Every line of the data below is to be duplicated exactly, pictures excepted.

● **SUPPLIED MATERIAL**
━━━━━━━━━━━━━━━━

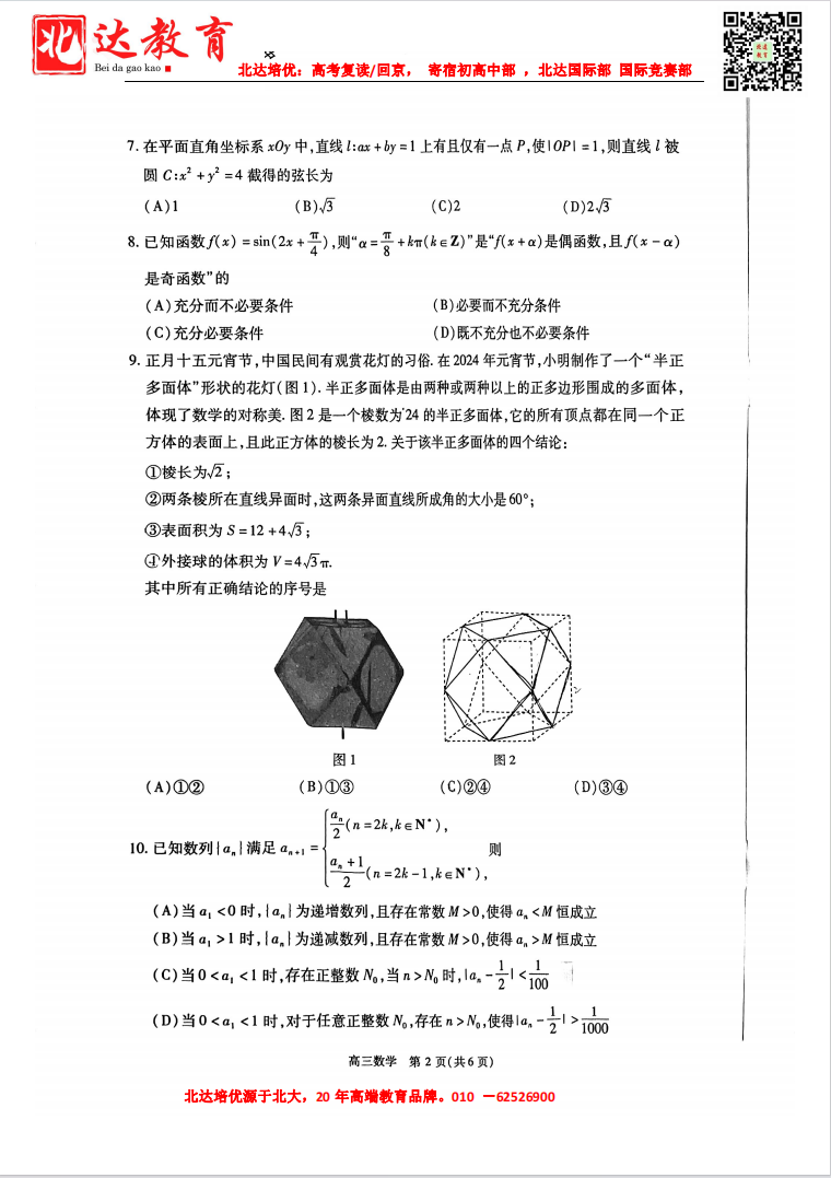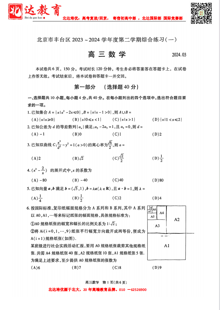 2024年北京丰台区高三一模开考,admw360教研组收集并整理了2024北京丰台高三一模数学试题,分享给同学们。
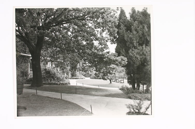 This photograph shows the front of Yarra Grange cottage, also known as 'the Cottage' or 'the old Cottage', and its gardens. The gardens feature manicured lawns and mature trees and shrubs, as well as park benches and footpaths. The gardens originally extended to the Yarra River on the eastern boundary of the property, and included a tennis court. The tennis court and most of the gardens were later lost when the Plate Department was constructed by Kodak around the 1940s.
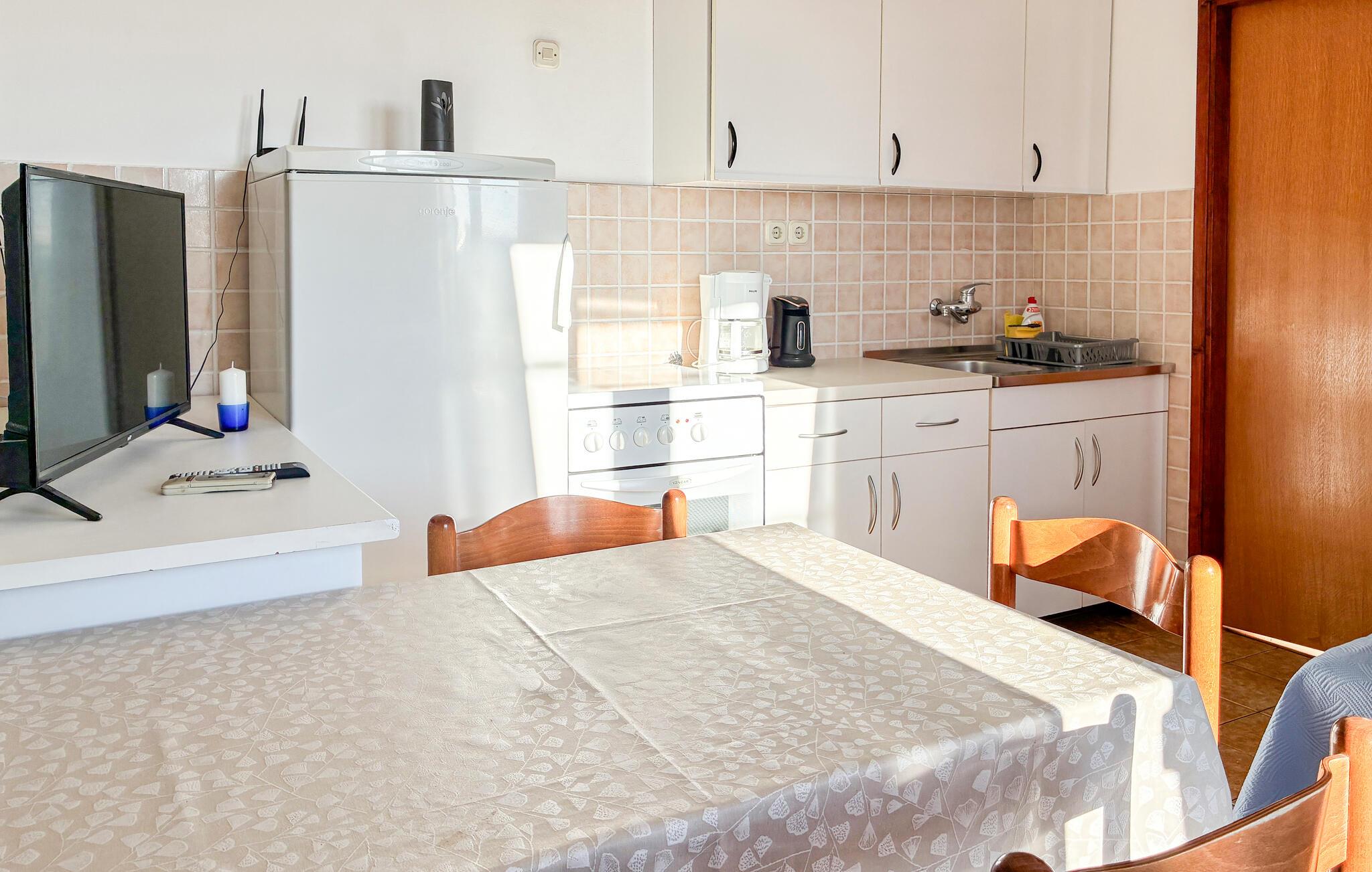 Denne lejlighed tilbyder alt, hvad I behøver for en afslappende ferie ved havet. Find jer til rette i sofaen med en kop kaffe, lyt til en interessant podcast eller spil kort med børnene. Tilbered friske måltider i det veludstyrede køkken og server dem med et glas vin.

━━━━━━━━━━━━━━━━

● **TASK RESPONSE**
 2024年北京丰台区高三一模开考,admw360教研组收集并整理了2024北京丰台高三一模数学试题,分享给同学们。
 This photograph shows the front of Yarra Grange cottage, also known as 'the Cottage' or 'the old Cottage', and its gardens. The gardens feature manicured lawns and mature trees and shrubs, as well as park benches and footpaths. The gardens originally extended to the Yarra River on the eastern boundary of the property, and included a tennis court. The tennis court and most of the gardens were later lost when the Plate Department was constructed by Kodak around the 1940s.
 Denne lejlighed tilbyder alt, hvad I behøver for en afslappende ferie ved havet. Find jer til rette i sofaen med en kop kaffe, lyt til en interessant podcast eller spil kort med børnene. Tilbered friske måltider i det veludstyrede køkken og server dem med et glas vin.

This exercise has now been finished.